We used: 10 HG001 PCR-free, 2 HG005 PCR-free, 4 HG001 PCR+ for training.
Among these 16 BAM files, 6 of them are from public sources:
BAM file (--reads ) |
PCR-free? | FASTA file (--ref ) |
Truth VCF (--truth_variants ) |
BED file (--confident_regions ) |
---|---|---|---|---|
HG001-NA12878-pFDA.merged.sorted.bam(1) | Yes | GRCh38_Verily_v1.genome.fa | NISTv3.3.2/GRCh38 | NISTv3.3.2/GRCh38 |
NA12878D_HiSeqX_R1.deduplicated.bam(2) | No | hs37d5.fa | NISTv3.3.2/GRCh37 | NISTv3.3.2/GRCh37 |
NA12878J_HiSeqX_R1.deduplicated.bam(2) | No | hs37d5.fa | NISTv3.3.2/GRCh37 | NISTv3.3.2/GRCh37 |
NA12878-Rep01_S1_L001_001_markdup.bam(2) | No | hs37d5.fa | NISTv3.3.2/GRCh37 | NISTv3.3.2/GRCh37 |
N3C9-2plex1-L1-171212B-NA12878-1_S1_L001_001_markdup.bam(3) | Yes | hs37d5.fa | NISTv3.3.2/GRCh37 | NISTv3.3.2/GRCh37 |
NexteraFlex-2plex1-L1-NA12878-1_S1_L001_001_markdup.bam(4) | No | hs37d5.fa | NISTv3.3.2/GRCh37 | NISTv3.3.2/GRCh37 |
(1): FASTQ files from Precision FDA Truth Challenge.

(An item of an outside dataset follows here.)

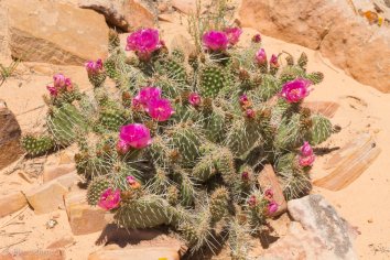 Wir bestaunen die wunderschön blühenden Kakteen links und rechts der Straße, ab und zu springt ein Häschen über den Weg und wir sehen sogar eine Klapperschlange. Schon die Anfahrt ist also ein tolles Erlebnis.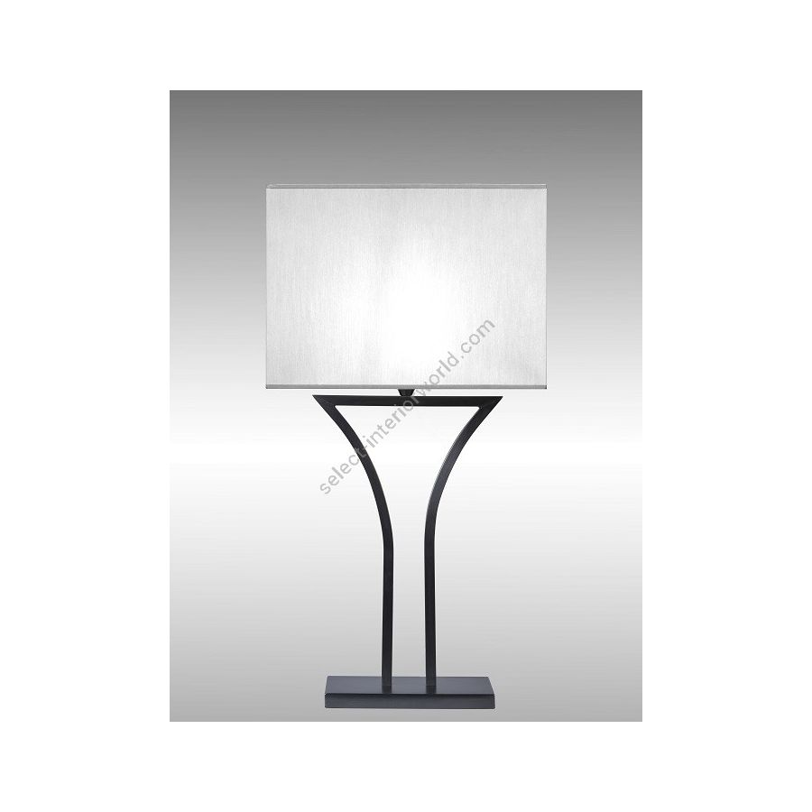 Lamp made in brass It is made with two square tubes forming harmonious curbs, on a rectangular base This table lamp with an elegant design nicely decorates a living room, a bedroom or an office Available in black or matt gold patina Presented rectangular shade in white cream chintz (see other available shapes and colors)

(2): BAM files provided by DNAnexus.
(3): FASTQ files from
BaseSpace public data: NovaSeq S1 Xp: TruSeq Nano 350 (Replicates of NA12878)/Samples/N3C9_2plex1_L1_171212B_NA12878-1/Files/N3C9-2plex1-L1-171212B-NA12878-1_S1_L001_R1_001.fastq.gz
and N3C9-2plex1-L1-171212B-NA12878-1_S1_L001_R2_001.fastq.gz
(4): FASTQ files from
BaseSpace public data: NovaSeq S1 Xp: Nextera DNA Flex (Replicates of NA12878)/Samples/NexteraFlex_2plex1_L1_NA12878-1/Files/NexteraFlex-2plex1-L1-NA12878-1_S1_L001_R1_001.fastq.gz
and NexteraFlex-2plex1-L1-NA12878-1_S1_L001_R2_001.fastq.gz
We generated our own BAM files using BWA-MEM to map the reads to the reference, and sorts the output. We also mark duplicated reads.